Теперь он казался себе отвратительным, подлым человеком. Ему вспомнилась давняя-давняя история. Случилось это вскоре после того, как их семья переселилась из рабочего барака в деревне Окуно в городок Титибу. По дороге из школы на пустыре его подстерегли одноклассники. Это было своего рода крещение новичка. Они окружили его, сорвали с него шапку и стали по очереди бить.
— Ну что ж ты, нападай! Эх ты, трусишка. Что, не можешь? Тогда становись на четвереньки, будешь собакой.
Он не мог сделать ни того, ни другого, и его продолжали бить. В этот момент на них налетел Кэндзи. Он набросился на самого большого мальчишку и стал кусать куда попало. Остальные начали оттаскивать и колотить его, но Кэндзи словно прилип к своему противнику. Большой мальчишка взвыл от боли и разревелся. Но зубы Кэндзи все глубже впивались в его тело. Жалобные вопли главаря сменились ужасом, паника передалась всем остальным, и они убежали. А он все это время стоял в стороне и только смотрел.

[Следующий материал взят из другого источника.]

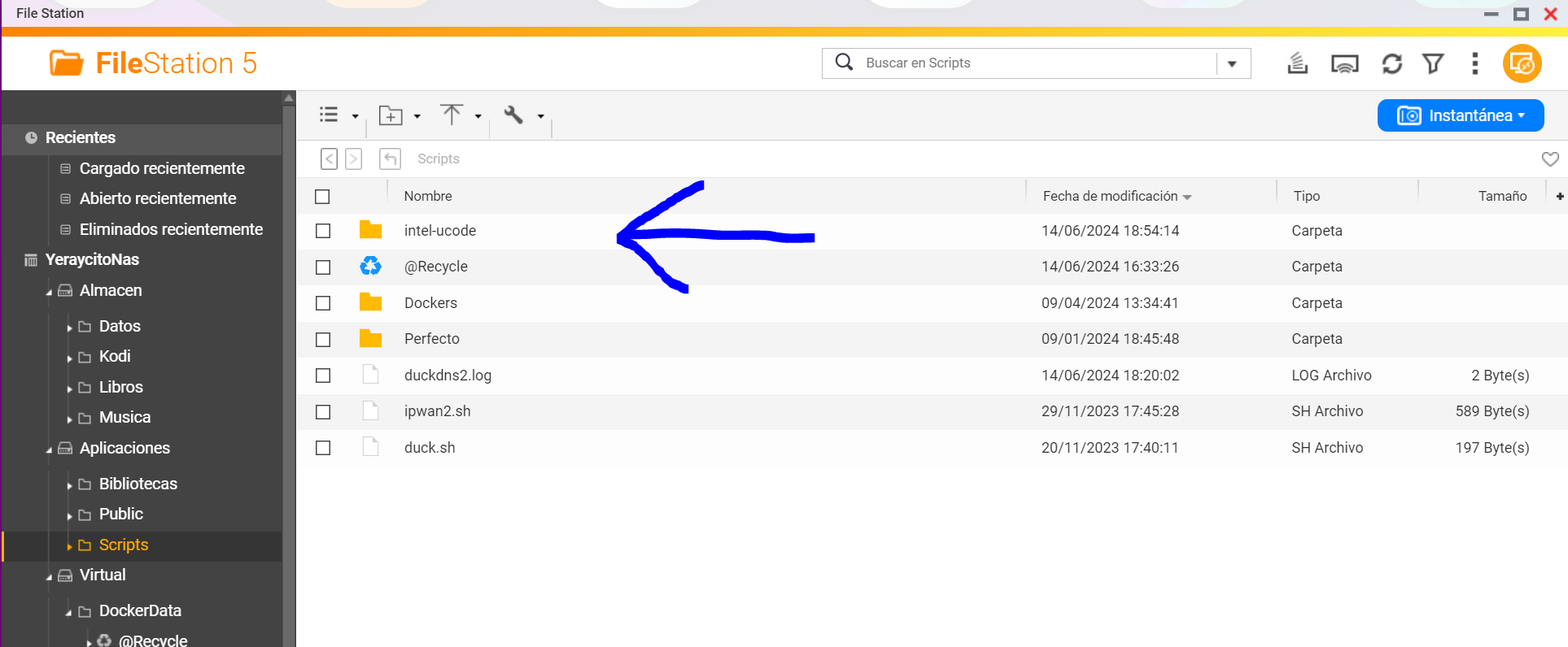 Lo primero que vamos a hacer es pasar la carpeta intel-ucode que tenemos descargada en el ordenador a nuestro nas, la podemos meter dentro de la carpeta compartida del nas que nos apetezca:
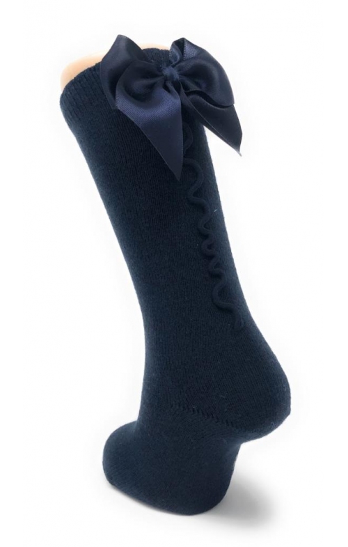 Calzini al ginocchio con fiocco e cucitura posteriore in cotone pettinato con elastan per un maggiore comfort. Disponibile in un'ampia varietà di colori e dalla taglia 00 3-6 mesi a 8 anni. COMPOSICIÓN:

Брата били, а он не мог шевельнуться и стоял как столб.
Вечером пришел отец того большого мальчика, стал ругаться: в нескольких местах здоровенные укусы, это что ж такое? Он был из той же фирмы. Их отец был здесь новым человеком и не смел перечить, он только пристыженно извинялся. Когда тот ушел, отец усадил мальчиков перед собой и расспросил, как было дело. Микио рассказал, как гнусно с ним поступили мальчишки и как ему плохо пришлось. Отец молча слушал, потом поглядел на него и сказал:
— И не стыдно тебе, а? Младший брат за тебя
дерется, а ты, значит, стоишь и смотришь.
Отец никогда не повышал голоса. Однако слова отца больно задели его. До сих пор ему тягостно было вспоминать печальный взгляд отца.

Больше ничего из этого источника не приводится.